The Garifuna: Why we must care

Tue Mar 10, 2015

This week, Vincentians pause to remember the Garifuna. It is good that we should do so. The truth here is quite simple: that more than 200 years ago, a people sprung from the soils of St Vincent, that is to say, the union of Africans and the indigenous Kalinago people, would be forcibly removed from the land of their birth.{{more}}

Known by the British as the Black Caribs, but answering to themselves by the appellation, Garifuna, their defeat and exile set in motion in St Vincent the broader processes of slavery and colonial rule that would define the Caribbean experience for the vast majority of our history. In St Vincent, however, because the Garifuna contested British claim to St Vincent, a genuine slave society would not be established here until 1797. Hence, when slavery ended in 1834, it meant that St Vincent had experienced only 36 years of slavery, an extraordinary outcome when measured against the experiences of neighbours such as Barbados, who underwent 200 years of plantation slavery. Absent the Garifuna’s heroic resistance against British colonial rule, Vincentians would have been enslaved for a much longer time with all of its attendant horrors. For this at least, we owe them thanks.

We owe them thanks as well for something that is quite new to the history of St Vincent and the Grenadines: our incorporation into an intellectual universe that centres the experience of the Garifuna as a remarkably important dimension of the African diaspora and the processes of adaptation through which people of African descent responded to the circumstances of exile and exploitation visited upon them by colonial masters. The Garifuna offered a wrinkle in this mix that is found nowhere else in the Americas: the emergence of a people who merged their African origins with indigenous American origins to produce not only a new genealogical product, but embraced it as the very essence of their being. What this Second International Conference on the Garifuna is therefore clearly demonstrating is that scholars from across the world see the Garifuna experience and St Vincent’s part in that experience as a very important story that needs to be told.

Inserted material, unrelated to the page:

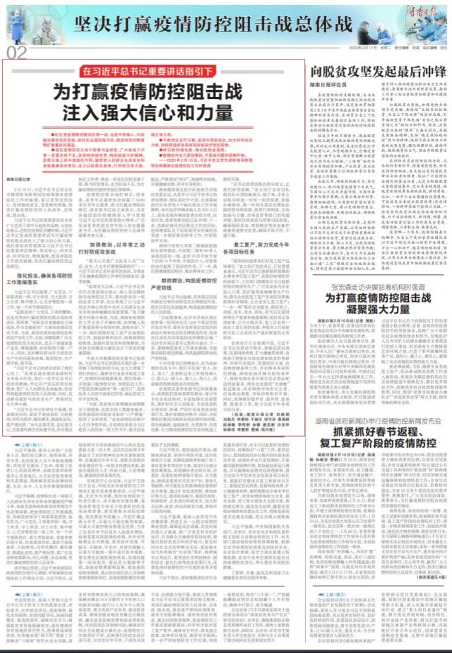 “疫情发生以来,习近平总书记多次作出重要指示批示,深入基层调研指导疫情防控工作,慰问奋战在一线的医务工作者,充分体现了以习近平同志为核心的党中央对人民群众生命安全和身体健康的高度重视。”省卫健委主任陈小春说,当前,湖南省疫情防控工作正处于关键时期,疫情输入和扩散蔓延势头得到控制,趋势向好。下一步,我们将做好复工复产后疫情防控工作,加强诊断和治疗,统筹保障防疫物资,加强科普宣传和政策解读,为决胜全面建成小康社会打下坚实的健康基础。
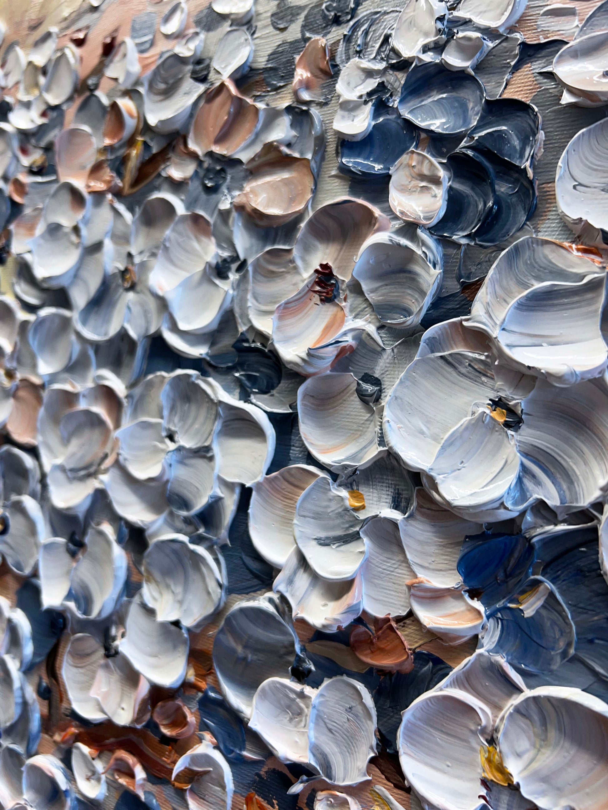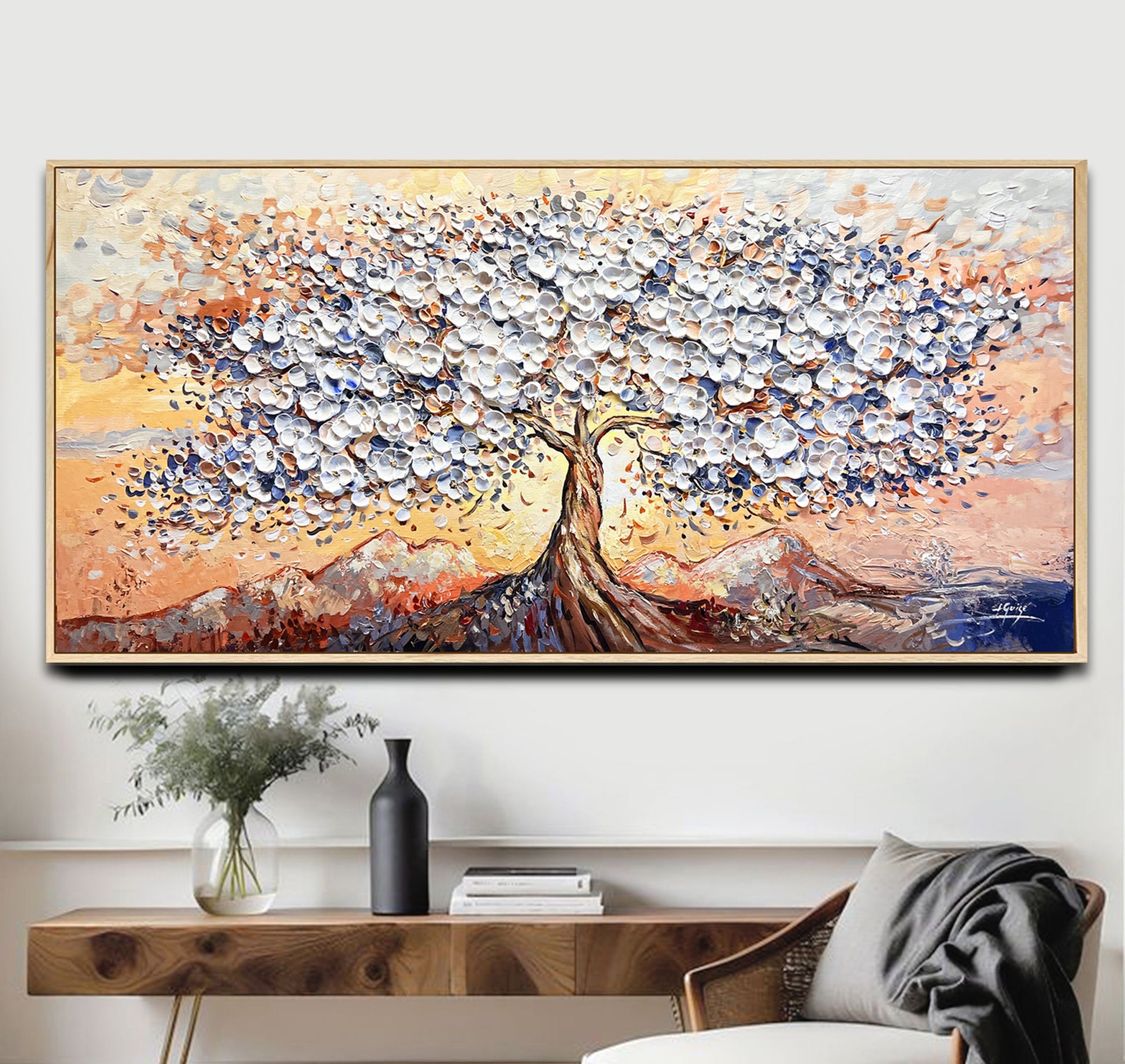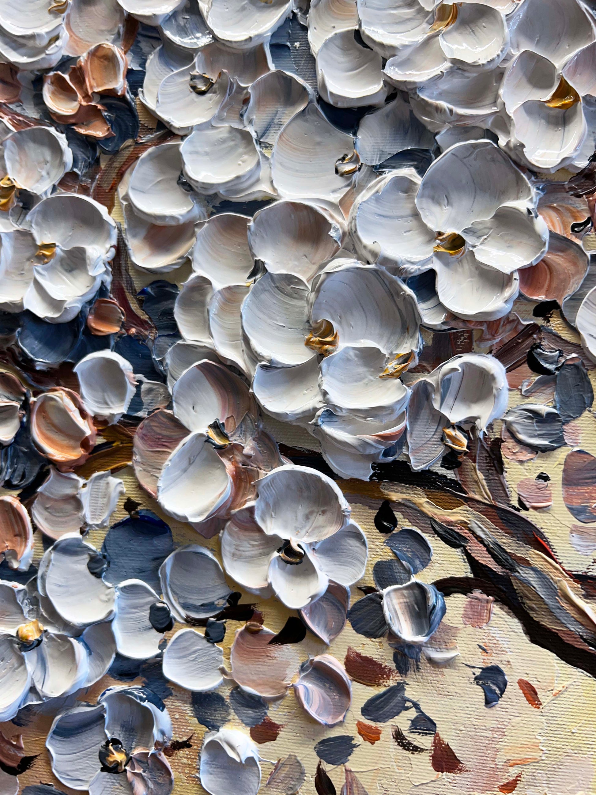 The richly textured white blossoms, applied with bold palette knife strokes, burst forward with dimension and vitality. Shades of warm peach, blush pink, and muted lavender swirl across the sky, suggesting the gentle hush of twilight descending over distant mountains.

That we should study our own history is a given. That others should study us as an important part of the forces of globalization that 200 years ago annihilated peoples and re-created others, to this we owe homage to the Garifuna struggle.

For today’s Vincentians, however, perhaps the most extraordinary aspect of the Garifuna story is their claim to St Vincent and the Grenadines as their ancestral land. For some, and perhaps unsurprisingly so, this collides with their own sense of patriotism. Some might indeed wonder, if the Garifuna make these claims of belongingness to St Vincent, does it not challenge the legitimacy of the claims of Vincentians who inherited the land from which the Garifuna were driven? That of course would be to mis-conceive the Garifuna’s conception of St Vincent and the Grenadines as home. The Garifuna do not see Vincentians today as usurpers of their homeland. For them, St Vincent and the Grenadines is in fact sacred land, home to their ancestors, a place for the veneration of their dead and the remembrance of their living. For them, Vincentians today stand as the gatekeepers of a place of deep spiritual value to the Garifuna themselves. And that too should give Vincentians pause. For we now have a dual responsibility. To construct and protect the St Vincent and the Grenadines we love for our generations to come. And knowing that in doing so, we are also protecting the sacred shores of the Garifuna people for generations to come.